Comment 3 Ian 'Hixie' Hickson 2011-01-10 22:11:03 UTC
EDITOR'S RESPONSE: This is an Editor's Response to your comment. If you are satisfied with this response, please change the state of this bug to CLOSED. If you have additional information and would like the editor to reconsider, please reopen this bug. If you would like to escalate the issue to the full HTML Working Group, please add the TrackerRequest keyword to this bug, and suggest title and text for the tracker issue; or you may create a tracker issue yourself, if you are able to do so. For more details, see this document:
   http://dev.w3.org/html5/decision-policy/decision-policy.html

Status: Rejected
Change Description: no spec change
Rationale: There's no difference between what the spec describes and what a page would experience if the user was using an autocompletion IME (as, e.g., on a phone) or was pasting complete words, or using other mechanisms to enter multiple characters at once. So any page that breaks for this is already broken.
Comment 4 Aryeh Gregor 2011-01-11 20:20:44 UTC
Maybe, but the fact still remains that the behavior described in the spec is not actually implemented by any browser AFAICT, so it's still misleading.  It would be more helpful to say that browsers should fire the event on every character if the user is inputting one character at a time, but may also fire one event for multiple characters as well (e.g., in the examples you just gave).
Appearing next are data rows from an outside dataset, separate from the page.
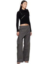 Non-stretch denim trousers. · Paneled construction · Wide-leg · Adjustable press-studs at waistband · Frayed edge at front zip pocket · Zip vent at cuffs · Locker loop at back waist · Logo-engraved silver-tone hardware Supplier color: Dark grey Body: 65% polyester, 35% cotton. Trim: 100% cotton. Made in Italy 252808F087000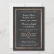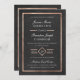Convites de casamento sobre um falso efeito de folha de ouro rosa e texto branco sobre um fundo preto texturizado sutilmente. Script clássico e fontes serif. Um simples efeito de deco de arte na data do casamento. Note-se que a folha de ouro rosa é um efeito impresso - não será utilizada nenhuma folha metálica real no convite.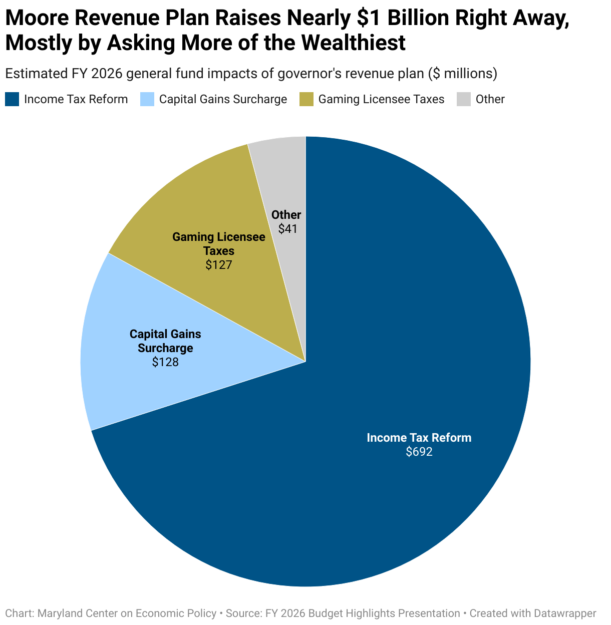 Pie chart showing estimated fiscal year 2026 general fund impacts of the governor's revenue plan, where the Moore revenue plan raises nearly $1 billion right away, mostly by asking more of the wealthiest.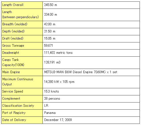 1. The vessel has a cargo tank capacity of 127,000 m3 and deadweight of 110,000 tons, which are the largest class for Aframax tanker with 42 meter beam.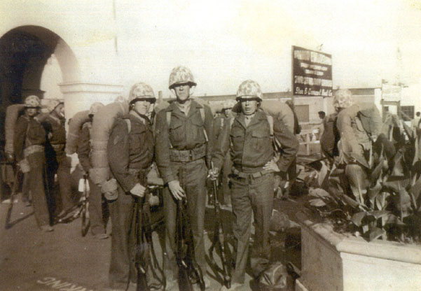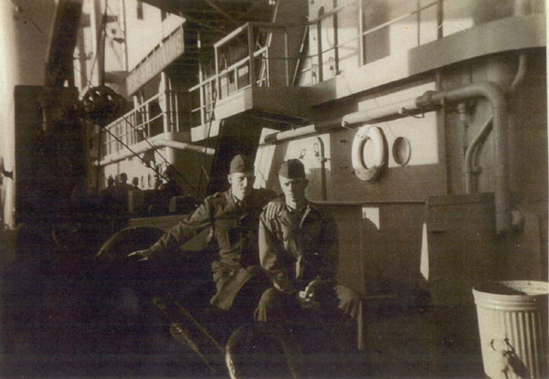 The following photos were taken of my father just before and just after he boarded the USNS Collins, 16 November 1950. He was Killed in Action, with D Company, 7th Marines, on April 10, 1951. He was awarded the Silver Star Medal for his actions on that day. |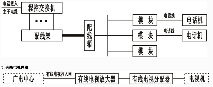 綜合布線系統(tǒng)主要由數(shù)據(jù)網(wǎng)絡(luò)、語(yǔ)音網(wǎng)絡(luò)、有線電視網(wǎng)絡(luò)三大部分組成。其中數(shù)據(jù)網(wǎng)絡(luò)為計(jì)算機(jī)網(wǎng)絡(luò)系統(tǒng),語(yǔ)音網(wǎng)絡(luò)為電話網(wǎng)絡(luò)系統(tǒng)。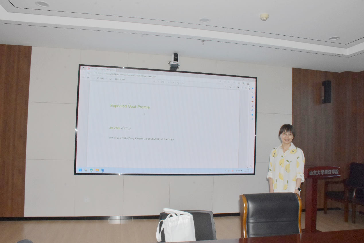 6月21日下午,tyc41183太阳成集团第316期高级经济学讲座于中心校区B321举行,西交利物浦大学国际商学院金融系副教授翟佳作了题为“Expected Spot Premia”的学术报告。讲座由tyc41183太阳成集团金融系教授张群姿主持,部分师生参会。
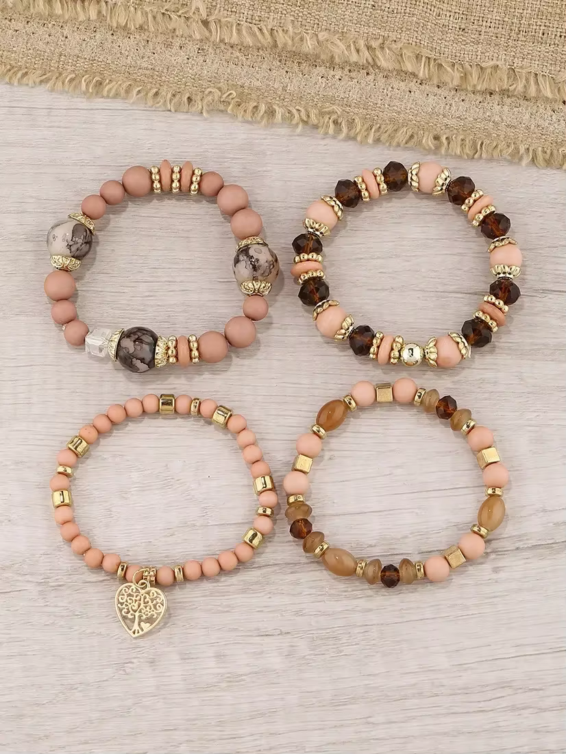 4 Armbandjes in 1, boho terracotta en goudkleur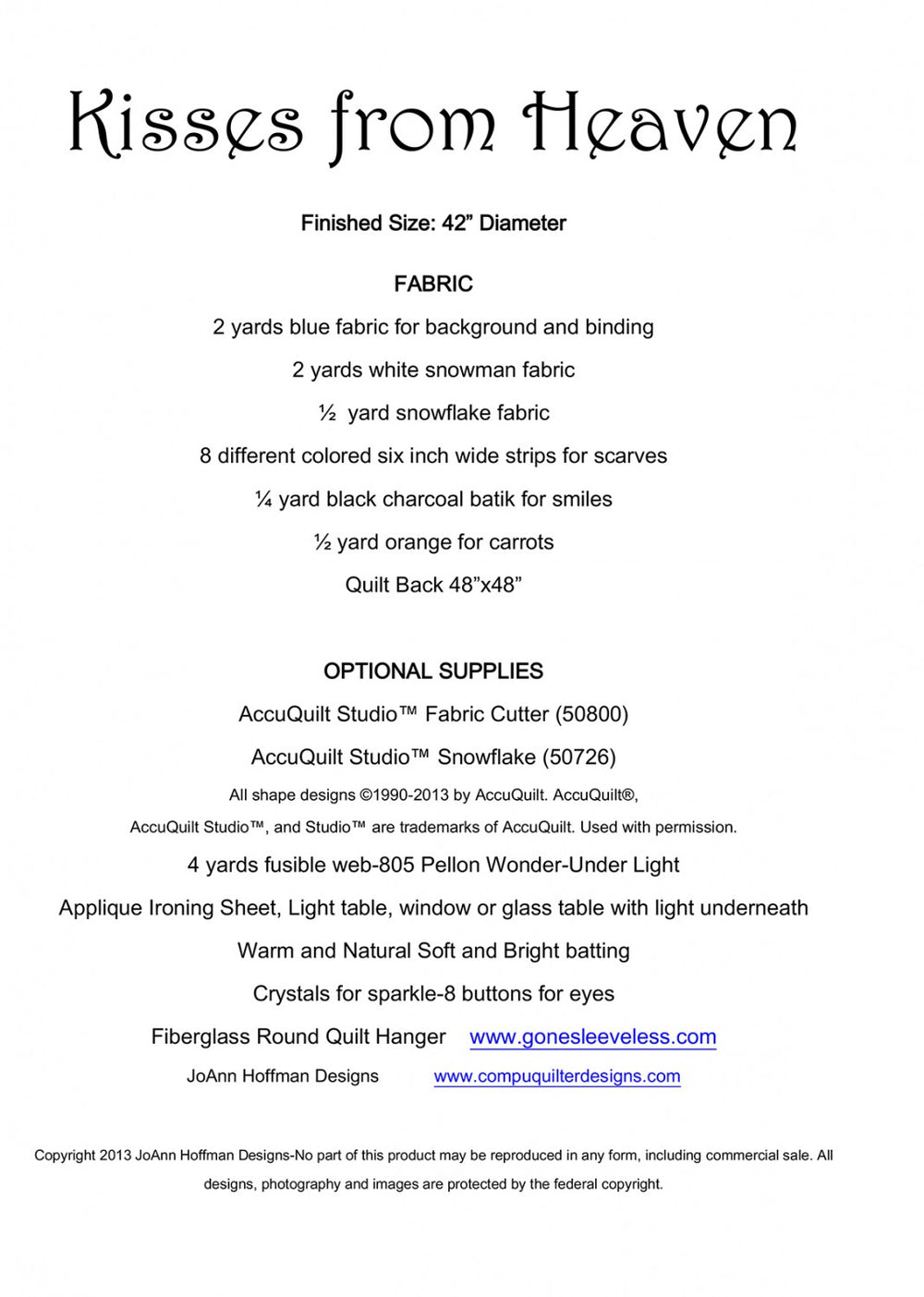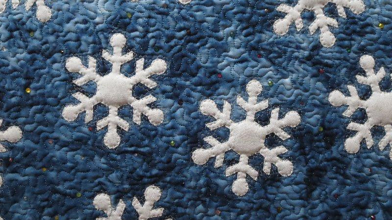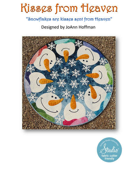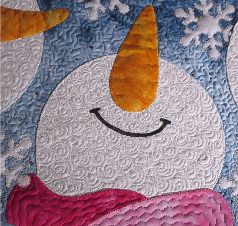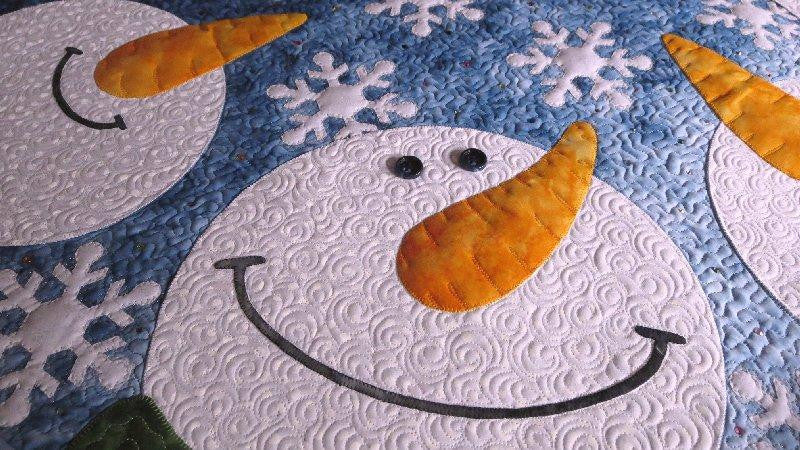 42in round quilt pattern. Cute snowmen waiting for snowflakes to kiss their cheeks. Raw edge applique.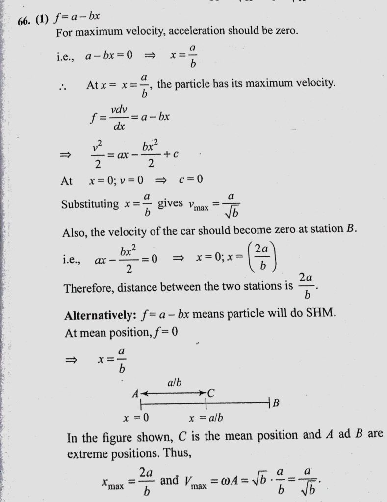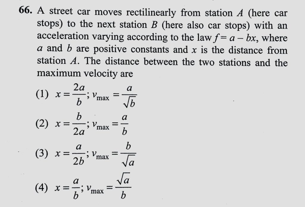 A street car moves rectilinearly from station A (here car stops) to the next station B (here also car stops) with an acceleration varying according to the law f = a – bx, where a and b A street car moves rectilinearly from station A (here car stops) to the next station B (here also car stops) with an acceleration varying according to the law f = a - bx where a and b October 31, 2020 Category: Uncategorised (JEE Advanced Physics by BM Sharma + GMP Solutions) , Facebook Messenger WhatsApp Share this:TwitterFacebook Related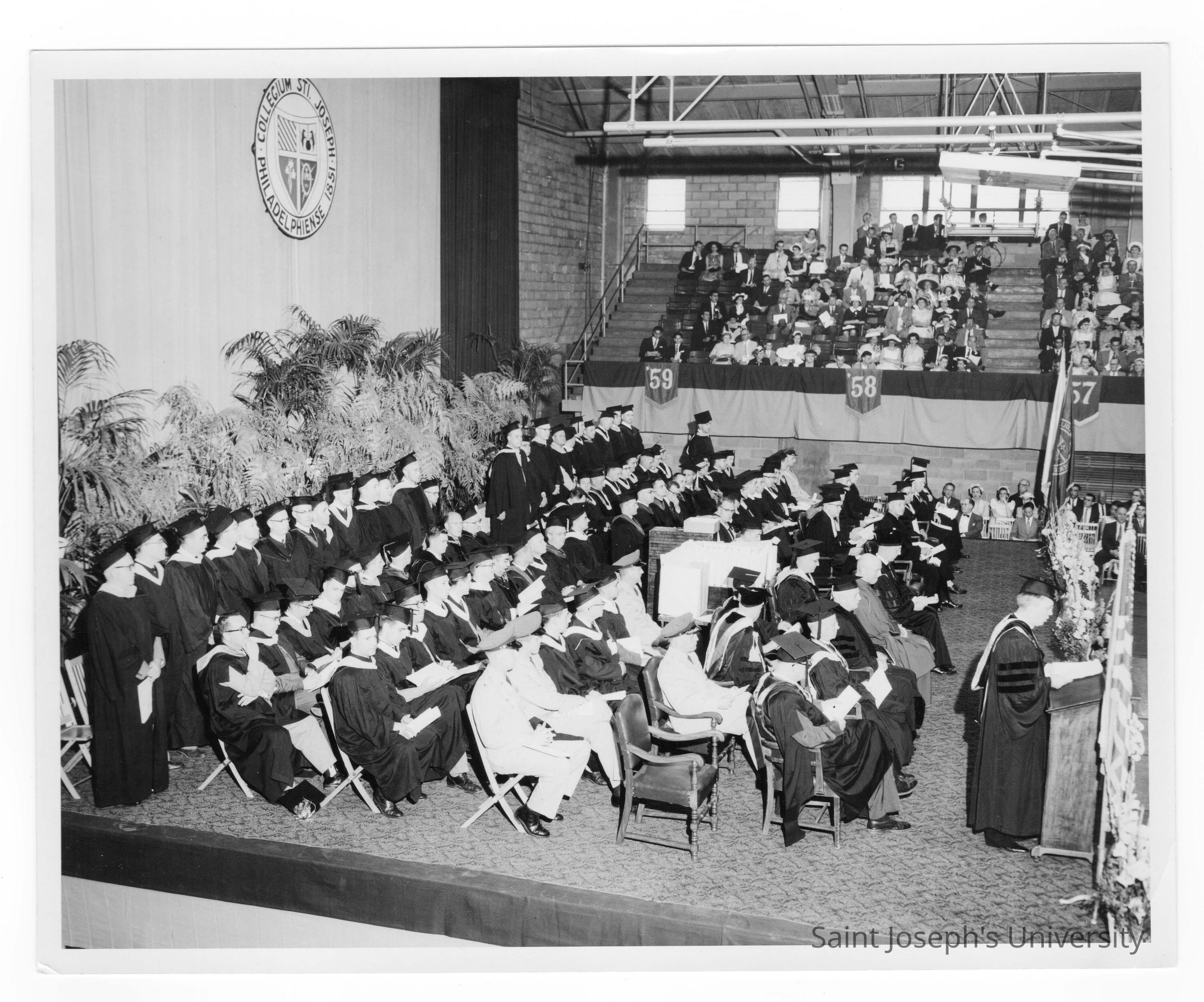Interior view of 1958 graduation/commencement ceremony in Field House.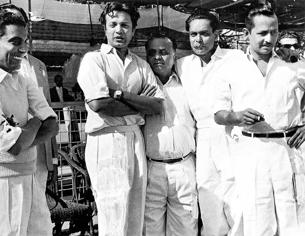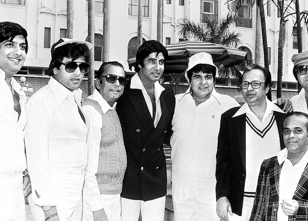 একটি প্রদর্শনী ম্যাচের আগে জিতেন্দ্র, জনি ওয়াকার, অমিতাভ বচ্চন, দিলীপকুমার, অনিল চট্টোপাধ্যায় ও রবি ঘোষ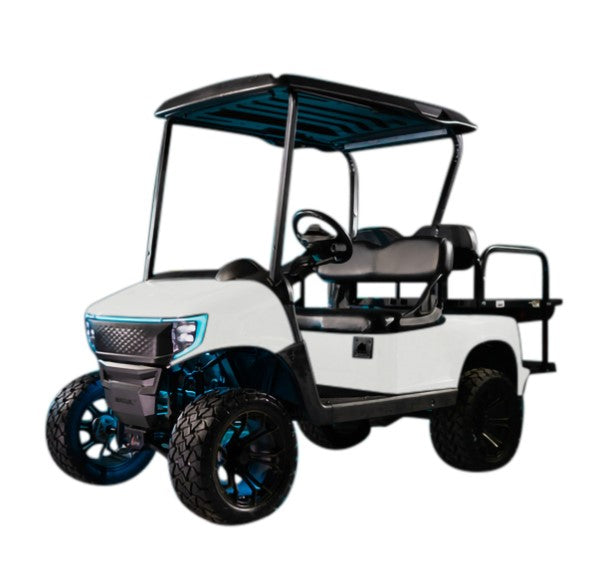 Engineered to seamlessly integrate with the E-Z-GO RXV, the Apex is designed to exceed standards and break the mold. Staying true to the innovative MadJax spirit, the Apex body stands out with its rugged styling, cutting-edge technology, and modular set up. Top-tier lighting is integrated into the design as vibrant, sequencing colors travel along the cowl.

It's true that a script that expects input events on every keypress is already broken, but there's a big difference between broken in edge cases like copy-paste and broken for users typing normally on a keyboard.  It's entirely possible that there are many pages that rely on browsers not doing what the spec describes, even though occasionally it fails, and in that case any new browser would have to match existing browsers' behavior for compat.  Thus it should be specced.
Comment 5 Ian 'Hixie' Hickson 2011-02-11 23:31:47 UTC
EDITOR'S RESPONSE: This is an Editor's Response to your comment. If you are satisfied with this response, please change the state of this bug to CLOSED. If you have additional information and would like the editor to reconsider, please reopen this bug. If you would like to escalate the issue to the full HTML Working Group, please add the TrackerRequest keyword to this bug, and suggest title and text for the tracker issue; or you may create a tracker issue yourself, if you are able to do so. For more details, see this document:
   http://dev.w3.org/html5/decision-policy/decision-policy.html

Status: Rejected
Change Description: no spec change
Rationale: If there are pages that actually break if you implement what the spec says, then that changes matters. However, I haven't seen any evidence of this. Pages I looked at that exhibit oninput-like behaviour seem to use onkeypress, not oninput, since that's what's implemented more widely. (And the main page I'm thinking of fails to handle paste correctly, which is how I noticed that it was doing anything like this at all.)

If we don't have a back-compat constraint, then the specced behaviour is significantly better than requiring UAs to fire oninput after every onkeypress, because it gives authors a way to do expensive "instant" computation in a way that doesn't waste CPU resources and in a way that doesn't require complicated manipulation of timers.
Comment 6 Aryeh Gregor 2011-03-04 02:19:53 UTC
I'm not going to argue it, but I still disagree.